From our case review, it is evident that congenital enterovirus infection is uncommon. We had five cases over a period of 10 years. However, early recognition is crucial as it can be fatal, especially if associated with myocarditis. Our review supports that early index of suspicion is key to swift diagnosis and effective management. Two of our infants who were critically unwell also had associated coagulopathy and thrombocytopenia. Viral pathology was considered as a differential but blood/CSF samples for viral PCR from our hospital are sent to a reference laboratory and results can take 48-72 hours. Liaising with the laboratory when tests are urgent is therefore vital. It also highlights the importance of close communication with the obstetric team. Mothers of both cases 4 and 5 were under investigation for pyrexia of unknown origin and, although they had had multiple tests including a viral screen, enterovirus had not been specifically looked for.
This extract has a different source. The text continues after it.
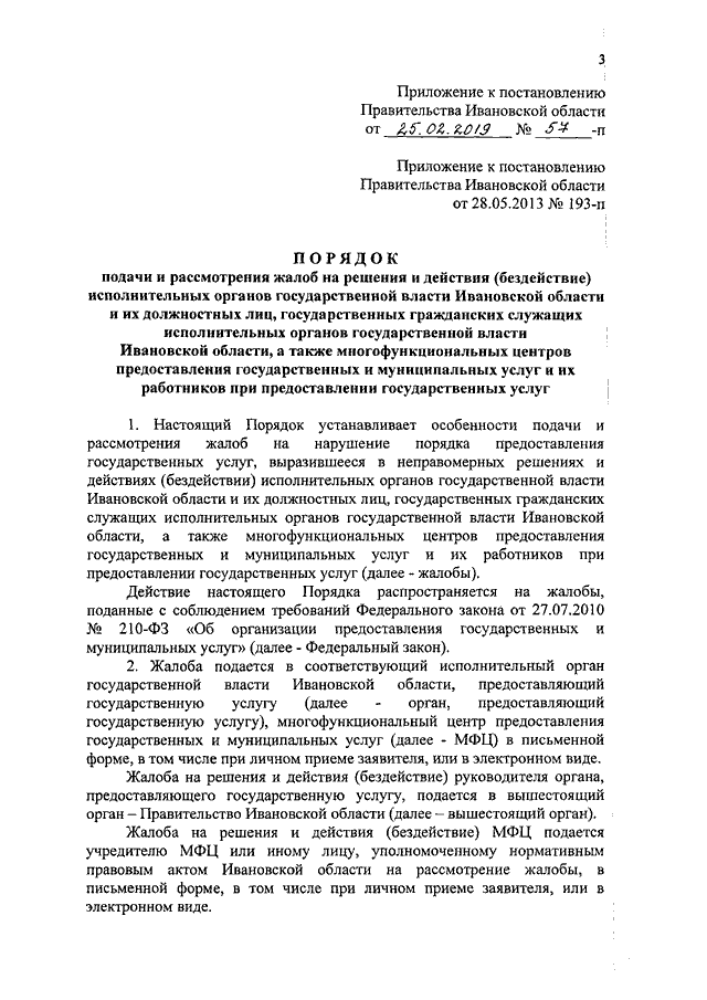 Постановление Правительства Ивановской области от 25.02.2019 N 57-п "О внесении изменений в постановление Правительства Ивановской области от 28.05.2013 N 193-п "Об утверждении Порядка подачи и рассмотрения жалоб на решения и действия (бездействие) исполнительных органов государственной власти Ивановской области и их должностных лиц, государственных гражданских служащих Ивановской области при предоставлении государственных услуг" (вместе с "Порядком подачи и рассмотрения жалоб на решения и действия (бездействие) исполнительных органов государственной власти Ивановской области и их должностных лиц, государственных гражданских служащих исполнительных органов государственной власти Ивановской области, а также многофункциональных центров предоставления государственных и муниципальных услуг и их работников при предоставлении государственных услуг")

This review highlights the importance of early echocardiography in infants with suspected enterovirus infection to assess cardiac function, early inotropic support and that early referral to an ECMO centre should be considered if an echocardiogram shows signs of myocarditis and poor cardiac contractility. Unfortunately, case 4 deteriorated too rapidly – before ECMO was considered a treatment option. Finally, although data are limited, immunoglobulins have been shown to improve outcome if given early. In case 4, immunoglobulins were given empirically. In the event of a high index of suspicion for enterovirus without a positive confirmed result, especially with multi-system involvement, high dose immunoglobulins should be given at the earliest point and ideally within the first three days of the illness.